12933   23547   42426   73295   94123   110412  116003  136287  139914  140142  wt.sz1024.tcm.op0

10422   17701   23747   30276   29959   32444   32610   30839   31569   30089   wt.sz1024.tcm.op1

Memory allocator

This shows the ratio of the insert rate with tcmalloc vs jemalloc for 4 configurations. When the rate is greater than 1 then tcmalloc is faster. The oplog was enabled for these tests. Results are displayed for 4 configurations -- 16, 64, 256 and 1024 byte padding. For all results but one the insert rate was better with tcmalloc and the difference was more significant when the padding was smaller.

Oplog off

This shows the insert rate for 4 different configurations with padding of 16, 64, 256 and 1024 bytes. All configurations used tcmalloc and the oplog was disabled. The insert rate increases with concurrency and was better with a smaller padding size.

Oplog on

This shows the insert rate for 4 different configurations with padding of 16, 64, 256 and 1024 bytes. All configurations used tcmalloc and the oplog was enabled. The insert rate usually increases with concurrency and was better with a smaller padding size. For padding sizes of 256 and 1024 the insert rate decreased at high concurrency.

Oplog impact

This displays the ratio of the insert rates from the previous two sections.

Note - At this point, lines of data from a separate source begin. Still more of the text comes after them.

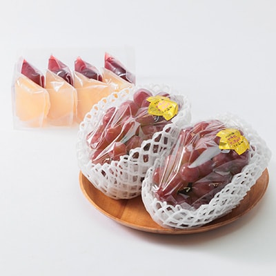 - 【2026年度発送分】朝採れ新鮮マスカットビオレ2房&ピオーネと白桃果肉ごろっとジュレセット【配送不可地域:離島・北海道・沖縄】【1435800】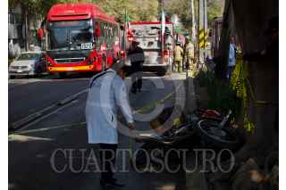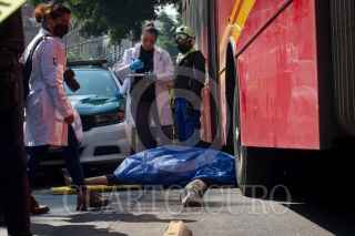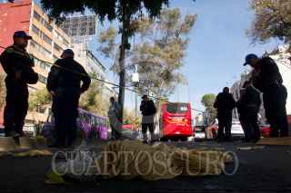 CIUDAD DE MÉXICO, 16DICIEMBRE2022.- Un hombre perdió la vida luego de estrellar su motocicleta contra un árbol y posteriormente ser atropellado por una unidad del Metrobús de la Linea 1 en Avenida Insurgentes. Al lugar arribaron Bomberos, policías y peritos de la Fiscalía. FOTO: ROGELIO MORALES /CUARTOSCURO.COM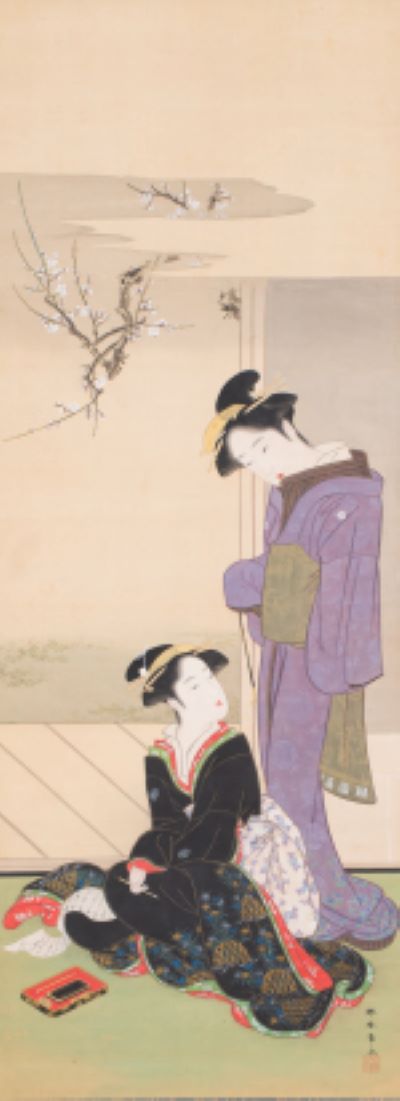 次いで、勝川春章作「梅花二美人図」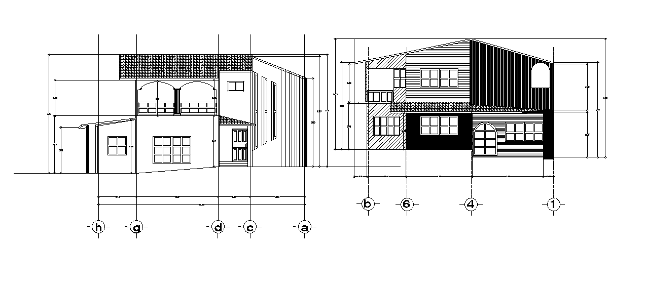 An elevation view of 15x10m luxury villa plan is given in this Autocad drawing file.Download now.
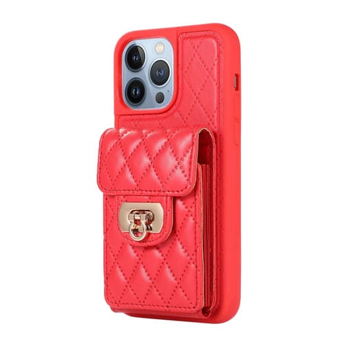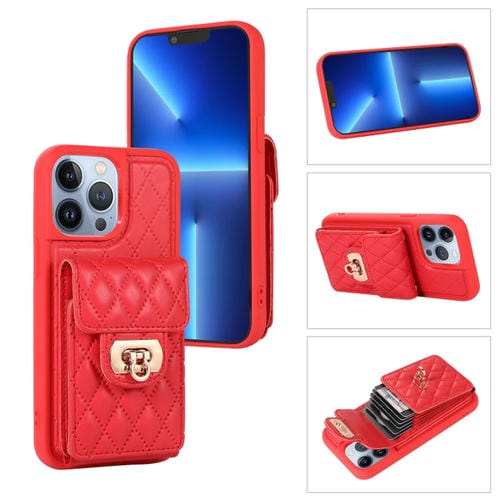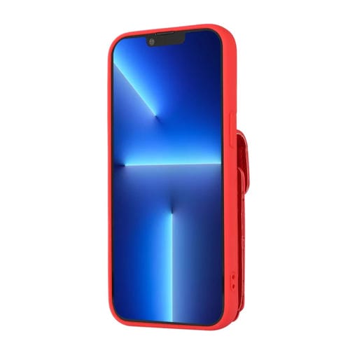 Funda para teléfono iPhone 13 Pro Max ranura para tarjeta cuero (Rojo)

The ratio is the insert rate with the oplog on versus off. This rate should be less than one but not too much less. The overhead of the oplog increases with the padding size. In the worst case the oplog reduces the insert rate by 5X (about 0.20 below).  I expect that this overhead will be greatly reduced for WiredTiger and RocksDB in future releases.